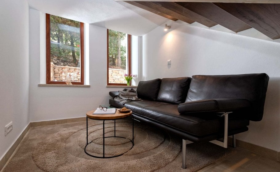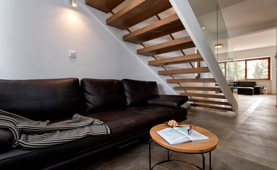 While you’re lying comfortably on the couch, you’ll discover a sweet surprise peeking from the living room: through the floating staircase, you’ll get a glimpse of two high, narrow windows, and beneath them another designer couch (that can turn into a bed if necessary), which makes it a perfect reading corner or an afternoon siesta spot.
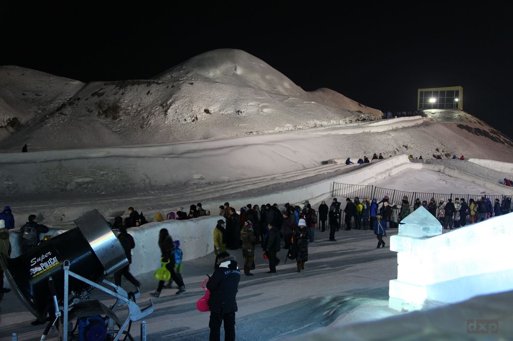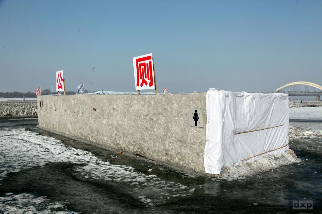 Am späten Nachmittag mache ich mich noch mal auf den 10km Weg zum Snow & Ice Festival. Zu Fuß geht es über den zugefrorenen Fluss. Am Ufer eine “Party Meile” mit Attraktionen und Aktivitäten. Pferdeschlitten fahren, Reifen rutschen, Schlittschuh laufen. Sogar die Toiletten sind aus Eis. Einen Abfluss gibt es bei der Kälte nicht, und so wird der “Mist” dann weg geschaufelt. Praktisch.
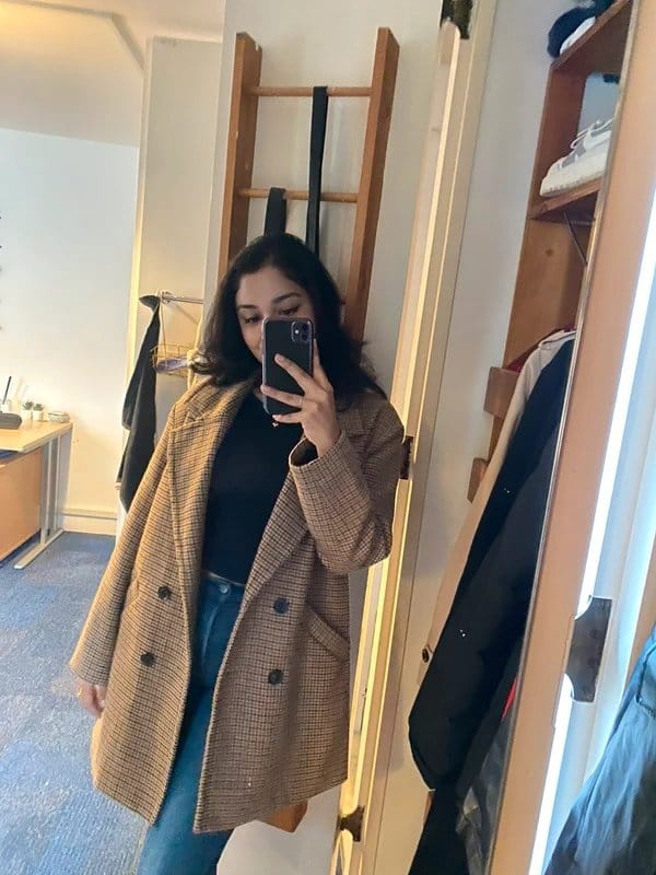 The Bershka Brown Plaid Oversized Blazer is available in sizes S.

_ _ _ _

> [Problem requirements]: Only the lines between the one containing "Am späten Nachmittag" and the last line of the listing above, both included, should be written out, exactly and without pictures.

> [Written answer]:
 Am späten Nachmittag mache ich mich noch mal auf den 10km Weg zum Snow & Ice Festival. Zu Fuß geht es über den zugefrorenen Fluss. Am Ufer eine “Party Meile” mit Attraktionen und Aktivitäten. Pferdeschlitten fahren, Reifen rutschen, Schlittschuh laufen. Sogar die Toiletten sind aus Eis. Einen Abfluss gibt es bei der Kälte nicht, und so wird der “Mist” dann weg geschaufelt. Praktisch.
 The Bershka Brown Plaid Oversized Blazer is available in sizes S.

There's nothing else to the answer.